Ne sono cosciente, ma che ci posso fare se a me piace parlare di qualsiasi cosa con chiunque? Devo anche ammettere che la gran parte delle persone che compongono la mia famiglia ha lo stesso mio difetto. Tranne la nonna.

Di Bea ho già parlato, le altre zie sono Lucia, Susanna e Nadina che sono imbattibili nell’arte del pettegolezzo. Con loro perdo letteralmente la cognizione del tempo, chiacchierano di continuo e conoscono tutte le tresche e gli intrighi delle famiglie del paese. La sanno lunga anche sugli uomini, su cosa vogliono e cosa chiedono. Le adoro perché trovano sempre il modo di parlare in maniera tanto ironica da farmi piegare in due dalle risate.
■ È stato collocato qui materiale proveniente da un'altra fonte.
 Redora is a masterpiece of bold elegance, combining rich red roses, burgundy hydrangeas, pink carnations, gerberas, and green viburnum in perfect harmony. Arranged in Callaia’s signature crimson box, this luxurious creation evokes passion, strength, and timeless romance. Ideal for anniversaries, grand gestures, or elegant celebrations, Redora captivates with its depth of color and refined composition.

Zia Susanna ha due gemelle di quattro anni, Mirella e Miriam, Nadina invece ha una figlia di nove anni che si chiama Luana; Lucia e Bea non hanno figli. La zia più grande è Mariuccia, le cui figlie Morgana e Stefania hanno rispettivamente ventidue e vent’anni e lavorano con noi; poi c’è Fifì che non ha figli e per finire c’è mia madre Milù che ha solo me, Annetta. Io ho diciannove anni e sono l’ultima in ordine di tempo ad essere entrata in attività.
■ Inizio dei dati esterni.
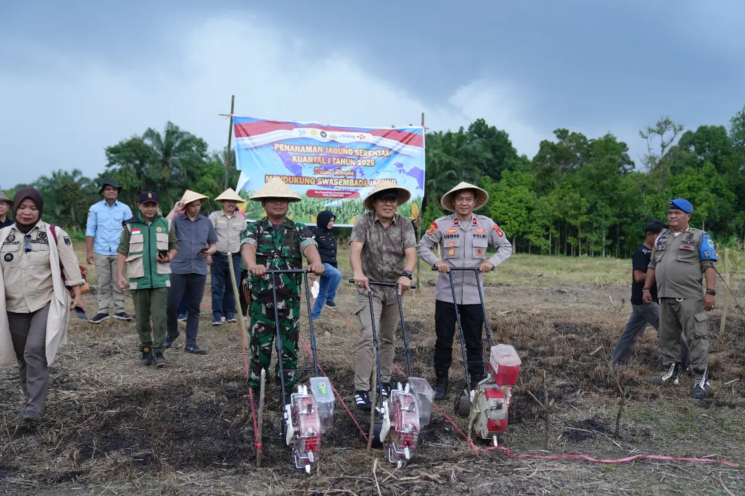 Bupati Lahat, Bursah Zarnubi, yang diwakili oleh Sekretaris Daerah Kabupaten Lahat, Chandra, S.H., M.M., menghadiri kegiatan penanaman jagung serentak yang dilaksanakan di Desa Penandingan, Kecamatan Pseksu, pada Sabtu (07/03/2026).

Zia Mariuccia è colei che si è occupata della mia istruzione a livello teorico. Mi ha insegnato tutto quello che una donna deve sapere sul funzionamento del proprio corpo e sulle differenze con quello degli uomini. Si è sempre comportata in maniera molto professionale descrivendomi nei minimi particolari le posizioni, i movimenti e gli atteggiamenti da tenere e non mi ha mai nascosto i dettagli meno piacevoli come il dolore e la repulsione.
Nel momento in cui ha ritenuto che fossi sufficientemente preparata ha fissato per me alcuni appuntamenti con un suo affezionato cliente che si è prestato molto gentilmente al rito della mia iniziazione.